Conclusion and Implications.
The timing we propose for the birth of arsenic resistance gene-families supports a shifted marine arsenic cycle across Archean–Proterozoic boundary. We observed an early origin of metabolic functions including methylation and excretion of arsenic during the Archaean eon, which is in accord with the fossil evidence indicating the occurrence of microbial arsenic metabolism and cycling 2.72 Bya (34). Our prediction of continuous innovation of gene families toward detoxification of oxidized arsenic species is in agreement with recent analysis of marine shales that inferred a sharp increase of dissolved arsenate from ∼2.48 Bya onward (10). The persistence of ars genes among distinct microbial lineages over billions of years implies a temporal continuity of arsenic stress (2).
The genetic expansion of arsenic resistance systems across the GOE would have entailed fitness advantages leading to success and diversification of life in the new redox landscape, which in turn remodeled the transition of metal chemistry on the Earth’s surface. Our molecular analysis, together with the innovations of protective mechanisms against other elements (35, 36) (e.g., Cu and Zn), provides a crucial constraint on the response of global biosphere to the major transitions in cycles of toxic, redox-sensitive metals.
Methods
Genomic Sampling and Reconstruction of Species Tree.

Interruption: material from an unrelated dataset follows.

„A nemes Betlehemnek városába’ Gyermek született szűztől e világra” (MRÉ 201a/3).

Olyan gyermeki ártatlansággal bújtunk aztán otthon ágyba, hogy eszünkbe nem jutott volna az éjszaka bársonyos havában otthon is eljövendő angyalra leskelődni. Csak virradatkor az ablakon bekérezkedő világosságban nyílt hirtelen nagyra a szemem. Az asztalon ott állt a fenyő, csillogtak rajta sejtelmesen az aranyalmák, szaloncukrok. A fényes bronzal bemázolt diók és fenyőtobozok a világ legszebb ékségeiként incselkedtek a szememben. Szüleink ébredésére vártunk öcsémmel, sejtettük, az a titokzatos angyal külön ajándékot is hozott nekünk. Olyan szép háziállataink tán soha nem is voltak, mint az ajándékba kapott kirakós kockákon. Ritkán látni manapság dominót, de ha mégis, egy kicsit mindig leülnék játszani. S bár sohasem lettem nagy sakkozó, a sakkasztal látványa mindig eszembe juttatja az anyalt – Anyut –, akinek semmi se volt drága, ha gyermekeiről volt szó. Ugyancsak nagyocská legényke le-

A previously reported tree of life was used as template for reconstruction of species tree (19). A total of 786 representative species with a completely sequenced genome were sampled from the original dataset (see Dataset S1 for accession number). The ribosomal protein tree was inferred with RAxML v8.4.1 (37), using the PROTGAMMALG evolution model. To reconstruct the SSU rRNA tree, an alignment was generated from SSU rRNA genes of the sampled organisms, using the SINA alignment algorithm (38). One representative SSU rRNA gene was selected for species with multiple copies. Phylogenetic trees were calculated under the GTRCAT model, using RAxML. A total of 204 and 300 bootstrap replicates were conducted for ribosomal protein and SSU rRNA gene phylogenies, respectively, according to extended majority-rule consensus (MRE)-based bootstopping criteria. The oxygen requirement for each selected species was retrieved from Genomes OnLine Database (GOLD) (39) and literature reviews.

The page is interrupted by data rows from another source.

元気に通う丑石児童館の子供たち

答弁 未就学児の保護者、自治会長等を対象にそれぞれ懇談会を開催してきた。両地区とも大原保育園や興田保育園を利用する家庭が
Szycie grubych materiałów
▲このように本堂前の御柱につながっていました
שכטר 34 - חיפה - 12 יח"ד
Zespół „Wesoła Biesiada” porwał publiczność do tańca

Molecular Dating of the Tree of Life.
The divergence time of species tree was estimated with PhyloBayes, using a fixed RAxML phylogeny of ribosomal proteins, a CAT20 substitutional model, a birth–death process, and four gamma categories (40). The CAT20 model was chosen because preliminary tests showed that analyses using a full CAT model failed to converge within a reasonable time (>2 mo). Both the autocorrelated lognormal (-ln) and uncorrelated gamma multiplier (-ugam) relaxed clocks were applied to model the rate variation across lineages (41). Bayesian cross-validation implemented in PhyloBayes was used to test whether one of two clock models fits the data better.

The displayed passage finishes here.